> **Directions for this task**:
Every record needs to be restated word for word.

> **Records from a collection**:

[Start of section]

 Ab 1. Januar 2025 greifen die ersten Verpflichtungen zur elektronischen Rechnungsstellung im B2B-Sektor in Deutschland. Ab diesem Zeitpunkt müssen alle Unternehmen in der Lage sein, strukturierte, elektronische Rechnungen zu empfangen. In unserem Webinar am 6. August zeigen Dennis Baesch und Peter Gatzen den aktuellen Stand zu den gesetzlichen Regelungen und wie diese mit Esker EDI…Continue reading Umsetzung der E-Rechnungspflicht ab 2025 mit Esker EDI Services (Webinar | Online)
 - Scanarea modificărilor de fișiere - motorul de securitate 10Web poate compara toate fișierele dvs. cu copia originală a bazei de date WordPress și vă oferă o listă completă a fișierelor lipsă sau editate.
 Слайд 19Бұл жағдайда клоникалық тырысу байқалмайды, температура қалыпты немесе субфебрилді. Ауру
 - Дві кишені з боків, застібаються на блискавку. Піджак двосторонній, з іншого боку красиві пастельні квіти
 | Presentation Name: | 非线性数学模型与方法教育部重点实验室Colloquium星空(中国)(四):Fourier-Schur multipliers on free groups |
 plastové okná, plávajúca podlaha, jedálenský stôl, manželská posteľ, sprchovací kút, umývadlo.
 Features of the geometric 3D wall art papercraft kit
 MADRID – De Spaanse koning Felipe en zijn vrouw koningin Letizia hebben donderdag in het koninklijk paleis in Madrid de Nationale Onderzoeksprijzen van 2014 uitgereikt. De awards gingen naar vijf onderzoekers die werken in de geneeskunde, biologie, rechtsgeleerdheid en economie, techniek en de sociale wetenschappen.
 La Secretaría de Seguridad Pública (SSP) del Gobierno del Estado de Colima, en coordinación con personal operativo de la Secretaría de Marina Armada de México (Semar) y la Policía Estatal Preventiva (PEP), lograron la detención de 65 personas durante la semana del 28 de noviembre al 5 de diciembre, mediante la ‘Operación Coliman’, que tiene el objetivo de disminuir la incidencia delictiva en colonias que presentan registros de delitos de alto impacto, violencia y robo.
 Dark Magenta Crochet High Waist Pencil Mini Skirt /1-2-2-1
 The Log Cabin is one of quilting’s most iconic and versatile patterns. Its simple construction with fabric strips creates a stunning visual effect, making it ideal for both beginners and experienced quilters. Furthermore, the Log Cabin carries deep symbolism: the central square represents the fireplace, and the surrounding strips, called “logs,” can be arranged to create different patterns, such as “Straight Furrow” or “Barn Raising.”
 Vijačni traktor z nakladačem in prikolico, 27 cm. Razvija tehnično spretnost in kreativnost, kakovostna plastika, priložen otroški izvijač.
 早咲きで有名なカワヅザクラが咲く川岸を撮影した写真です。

[End of section]

> **Completed exercise**:
 Ab 1. Januar 2025 greifen die ersten Verpflichtungen zur elektronischen Rechnungsstellung im B2B-Sektor in Deutschland. Ab diesem Zeitpunkt müssen alle Unternehmen in der Lage sein, strukturierte, elektronische Rechnungen zu empfangen. In unserem Webinar am 6. August zeigen Dennis Baesch und Peter Gatzen den aktuellen Stand zu den gesetzlichen Regelungen und wie diese mit Esker EDI…Continue reading Umsetzung der E-Rechnungspflicht ab 2025 mit Esker EDI Services (Webinar | Online)
 - Scanarea modificărilor de fișiere - motorul de securitate 10Web poate compara toate fișierele dvs. cu copia originală a bazei de date WordPress și vă oferă o listă completă a fișierelor lipsă sau editate.
 Слайд 19Бұл жағдайда клоникалық тырысу байқалмайды, температура қалыпты немесе субфебрилді. Ауру
 - Дві кишені з боків, застібаються на блискавку. Піджак двосторонній, з іншого боку красиві пастельні квіти
 | Presentation Name: | 非线性数学模型与方法教育部重点实验室Colloquium星空(中国)(四):Fourier-Schur multipliers on free groups |
 plastové okná, plávajúca podlaha, jedálenský stôl, manželská posteľ, sprchovací kút, umývadlo.
 Features of the geometric 3D wall art papercraft kit
 MADRID – De Spaanse koning Felipe en zijn vrouw koningin Letizia hebben donderdag in het koninklijk paleis in Madrid de Nationale Onderzoeksprijzen van 2014 uitgereikt. De awards gingen naar vijf onderzoekers die werken in de geneeskunde, biologie, rechtsgeleerdheid en economie, techniek en de sociale wetenschappen.
 La Secretaría de Seguridad Pública (SSP) del Gobierno del Estado de Colima, en coordinación con personal operativo de la Secretaría de Marina Armada de México (Semar) y la Policía Estatal Preventiva (PEP), lograron la detención de 65 personas durante la semana del 28 de noviembre al 5 de diciembre, mediante la ‘Operación Coliman’, que tiene el objetivo de disminuir la incidencia delictiva en colonias que presentan registros de delitos de alto impacto, violencia y robo.
 Dark Magenta Crochet High Waist Pencil Mini Skirt /1-2-2-1
 The Log Cabin is one of quilting’s most iconic and versatile patterns. Its simple construction with fabric strips creates a stunning visual effect, making it ideal for both beginners and experienced quilters. Furthermore, the Log Cabin carries deep symbolism: the central square represents the fireplace, and the surrounding strips, called “logs,” can be arranged to create different patterns, such as “Straight Furrow” or “Barn Raising.”
 Vijačni traktor z nakladačem in prikolico, 27 cm. Razvija tehnično spretnost in kreativnost, kakovostna plastika, priložen otroški izvijač.
 早咲きで有名なカワヅザクラが咲く川岸を撮影した写真です。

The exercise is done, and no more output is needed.